Data Mining: Hidden Relationships
June 2012
Ivan Obolensky
On Tuesday morning, Tom Larking, the store manager of a local supermarket chain received an email from corporate headquarters. It said that on the Wednesday and Friday night’s aisle restocking, a large Bud Lite six-pack display was to be placed at the ends of each of the diaper and baby aisles. Further, the pricing of all beer and diapers was to be increased to the top of the pricing scale for Thursday and Saturday only.
How come the manager received such a message?
The message was a result of a data mining search done at the home office that discovered that at this particular store, men bought diaper cases in large quantities on Thursdays and Saturdays and also picked up a six pack or two of Bud Lite.
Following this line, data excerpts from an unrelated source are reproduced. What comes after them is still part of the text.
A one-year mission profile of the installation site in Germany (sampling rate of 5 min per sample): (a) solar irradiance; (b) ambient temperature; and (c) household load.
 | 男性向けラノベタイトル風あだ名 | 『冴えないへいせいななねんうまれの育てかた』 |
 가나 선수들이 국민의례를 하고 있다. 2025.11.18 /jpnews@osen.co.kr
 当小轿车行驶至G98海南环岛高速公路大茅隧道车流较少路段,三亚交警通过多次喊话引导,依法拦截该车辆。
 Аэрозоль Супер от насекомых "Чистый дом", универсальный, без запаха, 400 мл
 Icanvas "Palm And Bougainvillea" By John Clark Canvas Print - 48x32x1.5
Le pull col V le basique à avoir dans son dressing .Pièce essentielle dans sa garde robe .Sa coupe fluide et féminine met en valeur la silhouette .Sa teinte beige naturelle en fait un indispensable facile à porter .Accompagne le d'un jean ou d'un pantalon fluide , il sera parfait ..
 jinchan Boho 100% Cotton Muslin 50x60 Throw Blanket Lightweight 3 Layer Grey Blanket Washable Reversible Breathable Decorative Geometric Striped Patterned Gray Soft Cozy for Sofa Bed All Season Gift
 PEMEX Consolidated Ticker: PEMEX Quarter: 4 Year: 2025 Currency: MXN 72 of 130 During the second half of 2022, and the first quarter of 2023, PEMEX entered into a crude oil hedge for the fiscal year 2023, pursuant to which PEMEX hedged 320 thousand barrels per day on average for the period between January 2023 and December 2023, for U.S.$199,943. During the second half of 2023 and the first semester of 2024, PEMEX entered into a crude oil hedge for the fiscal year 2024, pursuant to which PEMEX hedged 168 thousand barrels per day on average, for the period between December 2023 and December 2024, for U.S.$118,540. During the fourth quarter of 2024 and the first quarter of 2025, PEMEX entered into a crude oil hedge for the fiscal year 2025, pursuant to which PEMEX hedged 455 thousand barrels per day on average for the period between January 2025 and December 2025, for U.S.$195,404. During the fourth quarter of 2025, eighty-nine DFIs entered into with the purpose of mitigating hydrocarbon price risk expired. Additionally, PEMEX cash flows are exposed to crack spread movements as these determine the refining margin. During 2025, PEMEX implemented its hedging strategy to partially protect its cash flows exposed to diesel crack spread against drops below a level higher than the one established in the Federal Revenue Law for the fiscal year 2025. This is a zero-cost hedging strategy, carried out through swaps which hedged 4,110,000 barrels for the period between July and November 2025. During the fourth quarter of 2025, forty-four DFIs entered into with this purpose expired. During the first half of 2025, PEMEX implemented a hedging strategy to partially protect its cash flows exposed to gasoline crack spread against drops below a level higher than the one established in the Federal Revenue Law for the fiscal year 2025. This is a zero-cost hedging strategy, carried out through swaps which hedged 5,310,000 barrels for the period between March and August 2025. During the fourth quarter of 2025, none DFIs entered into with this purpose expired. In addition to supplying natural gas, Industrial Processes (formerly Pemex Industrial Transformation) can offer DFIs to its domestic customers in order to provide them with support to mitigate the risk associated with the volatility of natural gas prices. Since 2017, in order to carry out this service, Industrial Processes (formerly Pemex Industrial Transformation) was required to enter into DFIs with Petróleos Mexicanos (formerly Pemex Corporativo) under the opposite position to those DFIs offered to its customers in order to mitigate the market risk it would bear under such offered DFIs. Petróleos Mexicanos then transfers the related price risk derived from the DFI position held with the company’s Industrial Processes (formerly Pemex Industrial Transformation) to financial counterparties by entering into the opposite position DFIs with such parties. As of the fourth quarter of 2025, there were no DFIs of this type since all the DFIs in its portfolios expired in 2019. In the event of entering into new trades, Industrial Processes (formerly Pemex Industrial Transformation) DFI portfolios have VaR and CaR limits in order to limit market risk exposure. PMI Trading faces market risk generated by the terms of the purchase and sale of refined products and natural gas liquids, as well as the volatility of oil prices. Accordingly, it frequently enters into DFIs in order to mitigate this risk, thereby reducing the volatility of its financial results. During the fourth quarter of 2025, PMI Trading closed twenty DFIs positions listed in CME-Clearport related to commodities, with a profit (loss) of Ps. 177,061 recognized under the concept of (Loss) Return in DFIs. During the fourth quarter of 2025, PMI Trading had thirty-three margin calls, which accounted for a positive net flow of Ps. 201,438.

By fixing the prices higher and making beer more accessible, corporate was able to tap into buyer purchasing patterns to move select items at higher prices.
Strategically, the store can now use the profitability gained on these sales to offset the discounting of other items that are not moving well and still make profitability targets.
Imagine this analysis being done on hundreds of items with specific instructions as to shelf layout and pricing. By data mining and statistical analysis of sales, inventory, shelf space, restocking and movements of specific items, large retail chains can strategically manage their inventories to gain better performance.1
There are two important data mining points to this story:
Firstly, the knowledge that there are large numbers of men that come into this particular store and buy diapers and beer on Thursdays and Saturdays is surprising. Chances are that unless a data mining search was done, the correlation would never have been discovered.
Secondly, it was the combination of knowledge and the ability to utilize it that allowed the store to take advantage of a real-world link between beer and diapers.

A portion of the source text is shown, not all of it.